Пантикапей затаился, притих. Обычно многолюдные в весеннее время рыночные площади наводнили какие-то странные людишки, больше похожие на юродивых, нежели на благочестивых клиентов, скупавших съестные припасы и золото, чтобы припрятать его на черный день. А нищие попрошайки в грязных рубищах где шепотком, а где и в полный голос вещали о приближении Черной Луны, когда земная твердь провалится в Тартар. В городе появились поклонники Изиды и Осириса, приносившие этим кровожадным богам на своих тайных сборищах человеческие жертвы. Но больше всего было почитателей Гелиоса. Они уже не прятались, как прежде, а в открытую проповедовали среди городского демоса идеи равенства и братства, ратовали за отмену сословий и призывали к неповиновению властям. Жрецы Аполлона, Деметры, Диониса и Матери Богов Кибелы пребывали в смятении, сикофанты ночью боялись нос высунуть на улицу – неизвестные в актерских масках вылавливали их и топили в море, – а к прорицателям стояли длинные очереди: пантикапейцы несли им последние оболы в надежде узнать, что их ожидает в ближайшем будущем, утешить смущенные умы и души, найти успокоение и отраду в доверительных беседах с седобородыми старцами-аскетами, объясняющими бессвязные вопли экзальтированных местных пифий-прорицательниц.

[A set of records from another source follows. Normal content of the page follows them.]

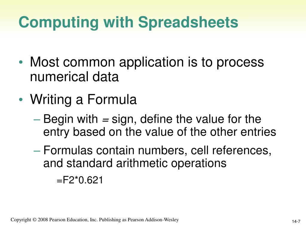 Computing with Spreadsheets • Most common application is to process numerical data • Writing a Formula • Begin with = sign, define the value for the entry based on the value of the other entries • Formulas contain numbers, cell references, and standard arithmetic operations =F2*0.621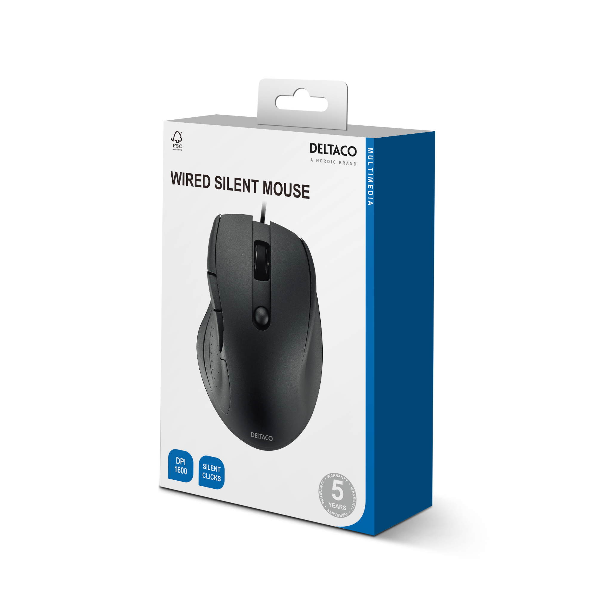 Silent Wired Office mus, 5 knapper, 600-1600 DPI, sort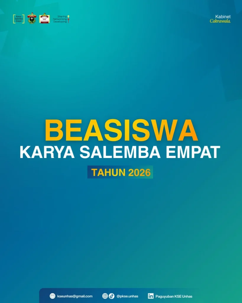 Makassar, EBS FM Unhas β€” Pendaftaran Beasiswa Karya Salemba Empat (KSE) 2026 resmi diperpanjang hingga 19 April 2026 yang memberikan kesempatan lebih luas bagi mahasiswa untuk melengkapi berkas dan mengikuti seluruh tahapan seleksi. Beasiswa ini merupakan program dukungan pendidikan bagi mahasiswa S1 yang tidak hanya berfokus pada bantuan finansial, tetapi juga pengembangan diri melalui pembinaan, jejaring, serta kontribusi aktif dalam kegiatan sosial bersama Paguyuban KSE.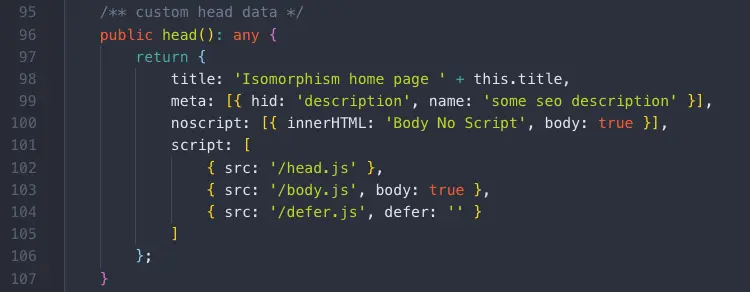 Nuxt.js会读取head属性作为TDK默认值,在TypeScript版本中需要定义函数类实现,例如: 该函数返加TDK,或者另外定义的头部内容,需要单独引入先行执行的JS等。 -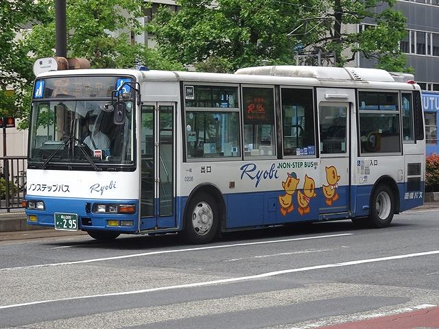 需要の比較的少ない路線 」向けに少数在籍しています。画像は古参格となる2002年導入車で、まだ改造型式扱いだったMJノンステップ車。このあたりまでのノンステップ車は両備グループの岡山電気軌道と同じヒヨコのステッカーを貼っていました。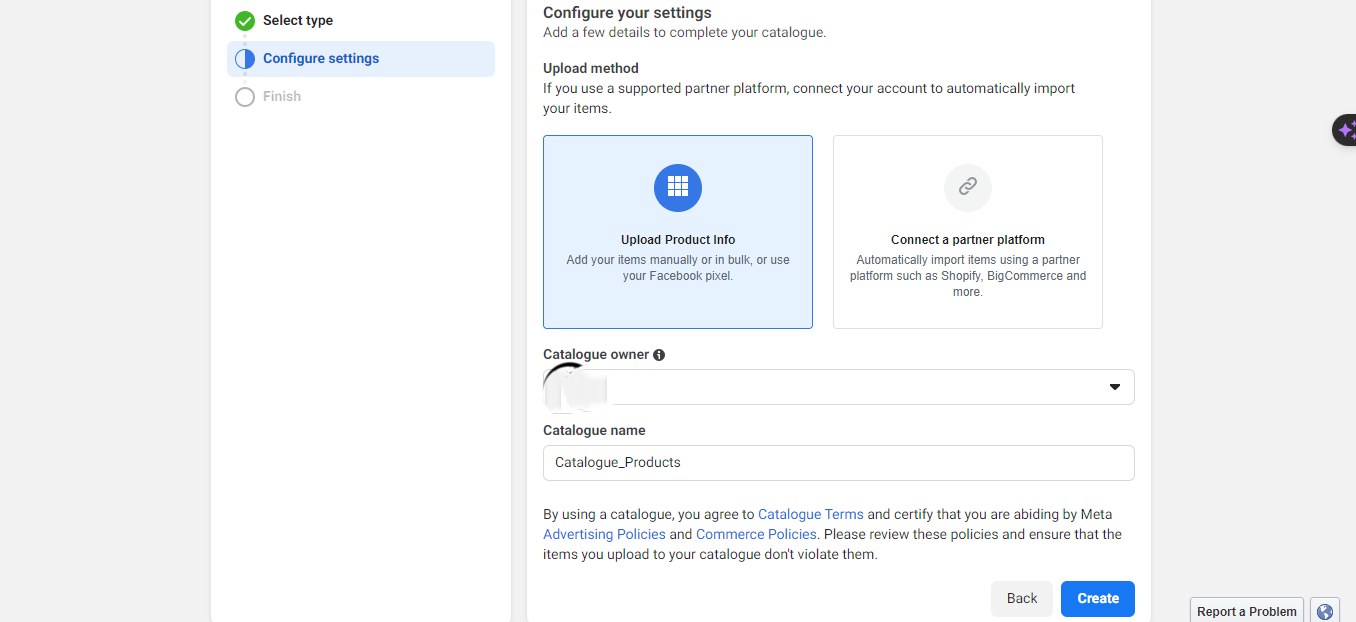 - În secțiunea proprietar catalog, selectează afacerea ta dacă ai mai multe afaceri.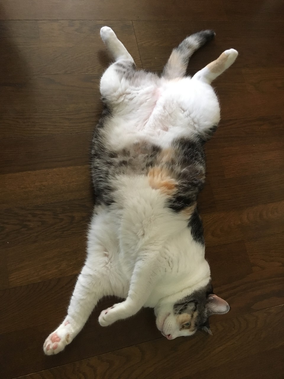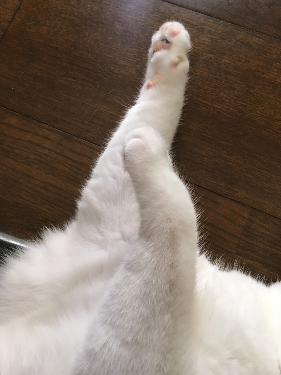 ここだけだと白猫なんだなぁ。初めて長女の肉球のブチ見た時、血豆だと思った(ฅ'ω'ฅ)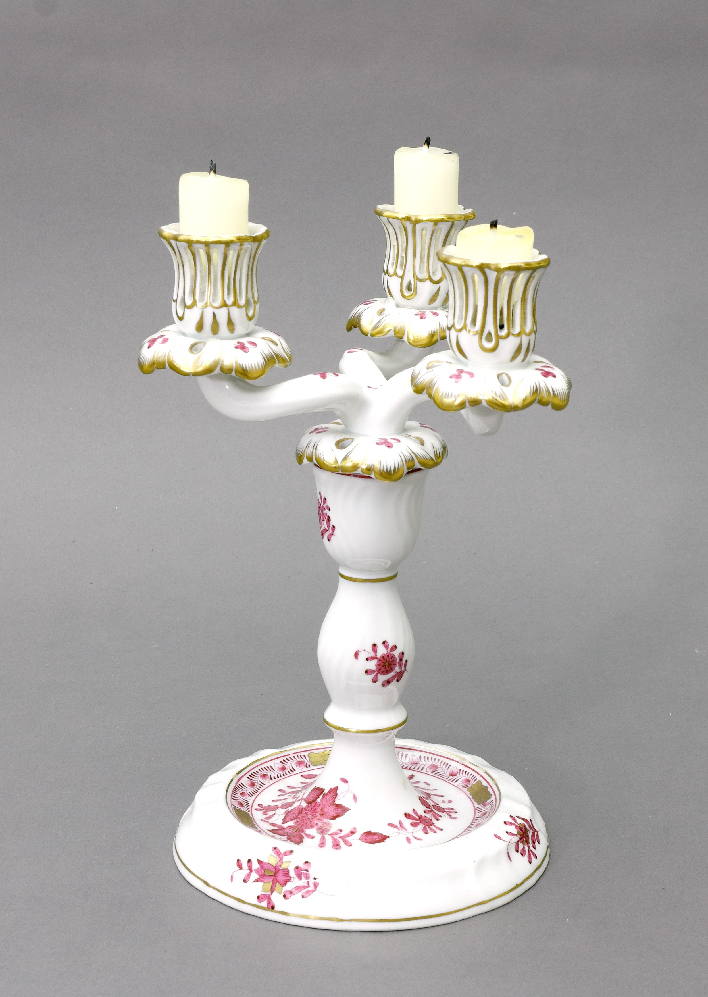 Dreiarmig, abnehmbar. Apponyi Purpur, Goldränder und Goldstaffage. H 22 cm. Blaue Manufakturmarke. (1066-62)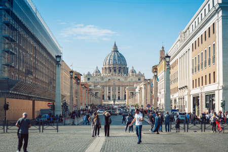 Rome, Italy - October 2019: View from Via della Conciliazione (Road of the Conciliation), one of historic street in Rome, Italy, towards St. Peter's Basilica in Vatican City

И однако же в Пантикапее стояла удивительная тишь. Несмотря на брожение в умах и дурные предчувствия. Даже в самых непотребных харчевнях вино не развязывало языки, а больше способствовало угрюмым раздумьям. Приближалось что-то неизвестное, а от того страшное, как ураган. И пока столица Боспора была в самом его центре, где все еще плескалась спокойная волна, и сквозь надвигающиеся тучи проглядывало солнце.
ГЛАВА 3
В степи Таврики пришла осень. Уже убрали хлеба, и над полями встали дымные столбы – земледельцы сжигали сорную траву и остатки соломы. В это мирное лето урожай выдался знатный, и многочисленные караваны с зерном потянулись к гаваням Боспора, где их уже ждали грузовые суда из Эллады и других заморских стран. Пернатая дичь торопилась нагулять жирок перед зимними холодами, и у путников загорались от вожделения глаза, когда дорогу им пересекали неторопливые и важные дрофы или стайки стрепетов. А серых куропаток и перепелов было столько, что отяжелевшие от сытной жизни степные пернатые разбойники – орел, пустельга и лунь – даже не давали себе труда подняться повыше, чтобы выискать среди разнотравья желанную и пугливую добычу; они летали едва не над самой землей, придирчиво выбирая дичь пожирнее и помоложе и плюхались на землю как-то нехотя, без обычного кровожадного азарта, больше повинуясь хищническому инстинкту, нежели насущной потребности насытиться.